=== Section Start ===

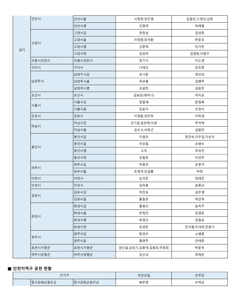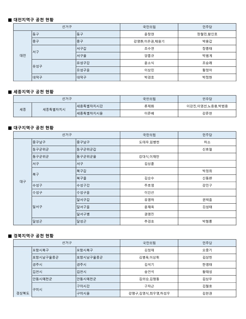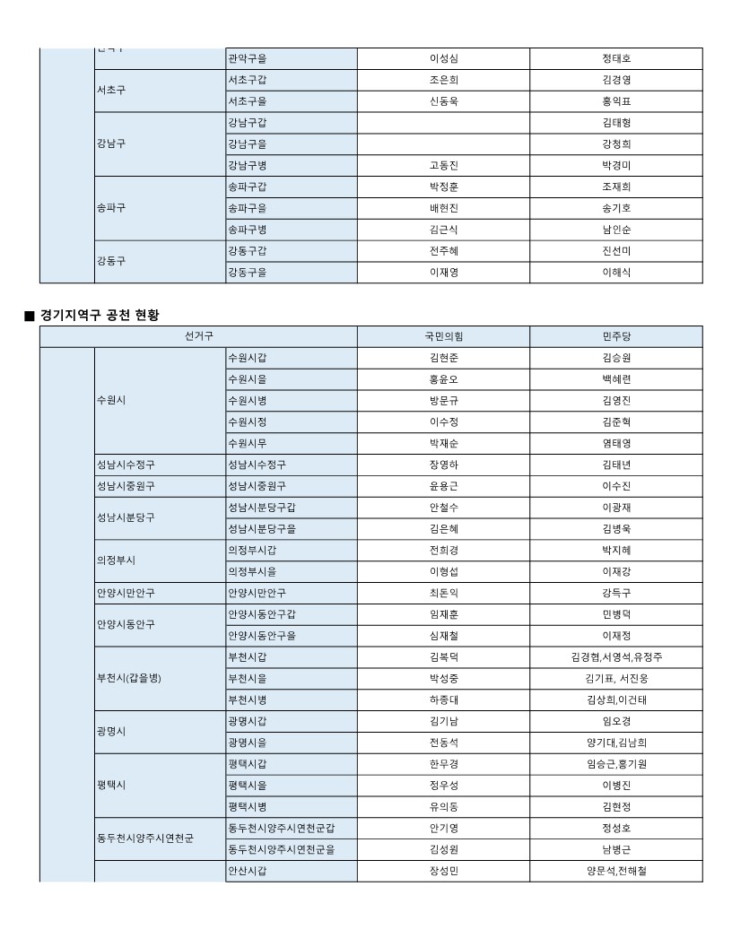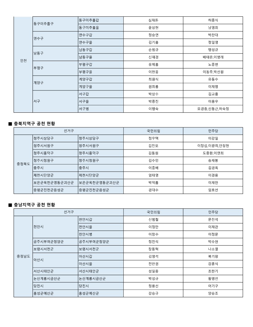 국민의힘은 3월 9일 19차, 4차 경선 결과까지 발표를 했고, 민주당 3월 9일까지 전략선거구 경선결과 발표를 했다. 선거구 확정안에 따라 조정한 내용이다. 선거구에 복수기재는 경선지역이다. 이제 양당 공천이 막바지에 접어들고 있다.
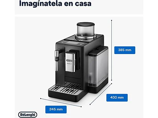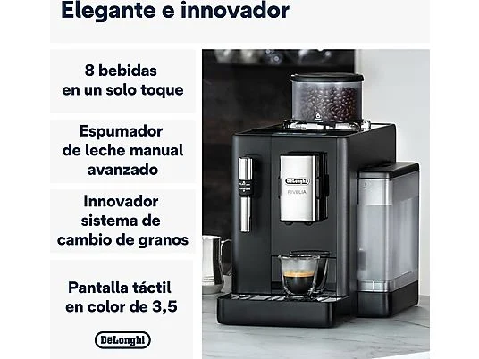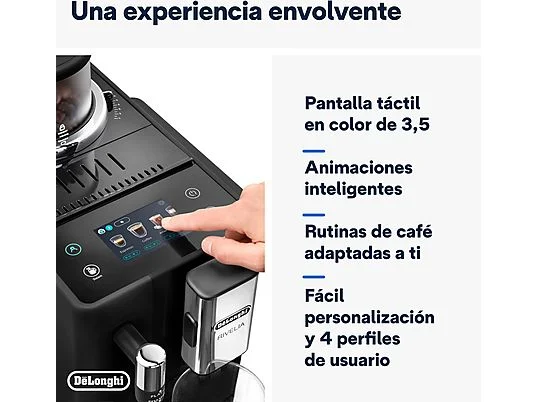 Cafetera superautomática – De’Longhi Rivelia EXAM440.35.B, Molinillo integrado, Espumador leche, Táctil, 4 perfiles, 8 recetas, 19bar, 1450W, Negro
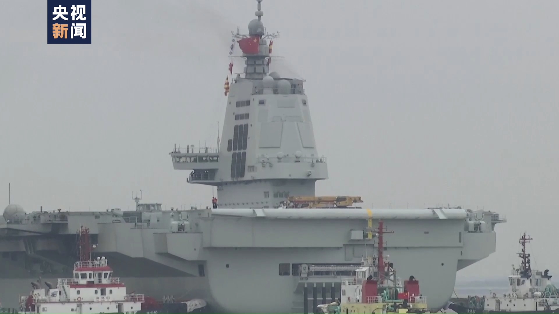 我國第三艘航空母艦福建艦在多艘拖船的牽引下,正在緩緩地駛離上海江南造船廠的碼頭,赴相關海域開展首次航行試驗。
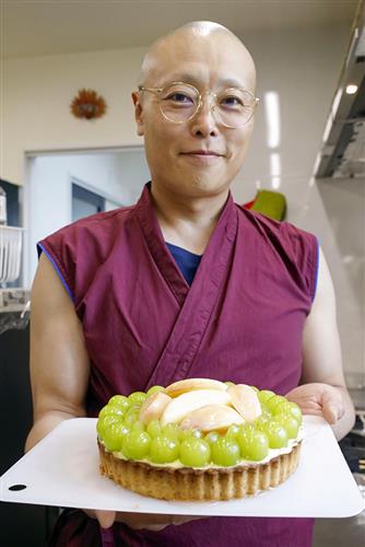 手作りのタルトを持つ住職の阿部真典さん=北海道当麻町

=== Section End ===

■ **Prompt**
Copy exactly, and copy only, the lines from the one bearing "我國第三艘航空母艦福建艦在多" through the closing line of the material, with both ends kept and pictures removed.

■ **Result of this exercise**
 我國第三艘航空母艦福建艦在多艘拖船的牽引下,正在緩緩地駛離上海江南造船廠的碼頭,赴相關海域開展首次航行試驗。
 手作りのタルトを持つ住職の阿部真典さん=北海道当麻町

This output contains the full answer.